Posted to dev@spark.apache.org by Cody Koeninger <co...@koeninger.org> on 2014/12/30 21:24:45 UTC

Is there any way to tell if compute is being called from a retry?

It looks like taskContext.attemptId doesn't mean what one thinks it might
mean, based on

http://apache-spark-developers-list.1001551.n3.nabble.com/Get-attempt-number-in-a-closure-td8853.html

and the unresolved

https://issues.apache.org/jira/browse/SPARK-4014



Is there any alternative way to tell if compute is being called from a
retry?  Barring that, does anyone have any tips on how it might be possible
to get the attempt count propagated to executors?

It would be extremely useful for the kafka rdd preferred location awareness.

Re: Is there any way to tell if compute is being called from a retry?

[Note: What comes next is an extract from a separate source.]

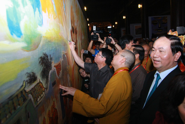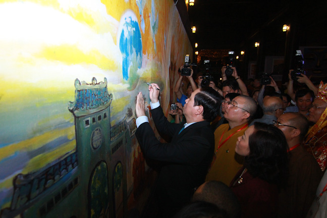 Cuối chương trình, BTC cung thỉnh chư tôn đức tăng ni các nước, lãnh đạo đảng, nhà nước ký vào bức tranh “Hòa bình” do 10 họa sĩ tại TP.HCM thực hiện. Đây là bức tranh được BTC tặng lại cho nhà nước Việt Nam, trở thành bức thông điệp tâm linh về ước mơ hòa bình vĩnh cửu trong lòng những người con dân nước Việt.

Posted by Josh Rosen <ro...@gmail.com>.
This is timely, since I just ran into this issue myself while trying to
write a test to reproduce a bug related to speculative execution (I wanted
to configure a job so that the first attempt to compute a partition would
run slow so that a second, fast speculative copy would be launched).

I've opened a PR with a proposed fix:
https://github.com/apache/spark/pull/3849



On Tue, Dec 30, 2014 at 12:24 PM, Cody Koeninger <co...@koeninger.org> wrote:

> It looks like taskContext.attemptId doesn't mean what one thinks it might
> mean, based on
>
>
> http://apache-spark-developers-list.1001551.n3.nabble.com/Get-attempt-number-in-a-closure-td8853.html
>
> and the unresolved
>
> https://issues.apache.org/jira/browse/SPARK-4014
>
>
>
> Is there any alternative way to tell if compute is being called from a
> retry?  Barring that, does anyone have any tips on how it might be possible
> to get the attempt count propagated to executors?
>
> It would be extremely useful for the kafka rdd preferred location
> awareness.
>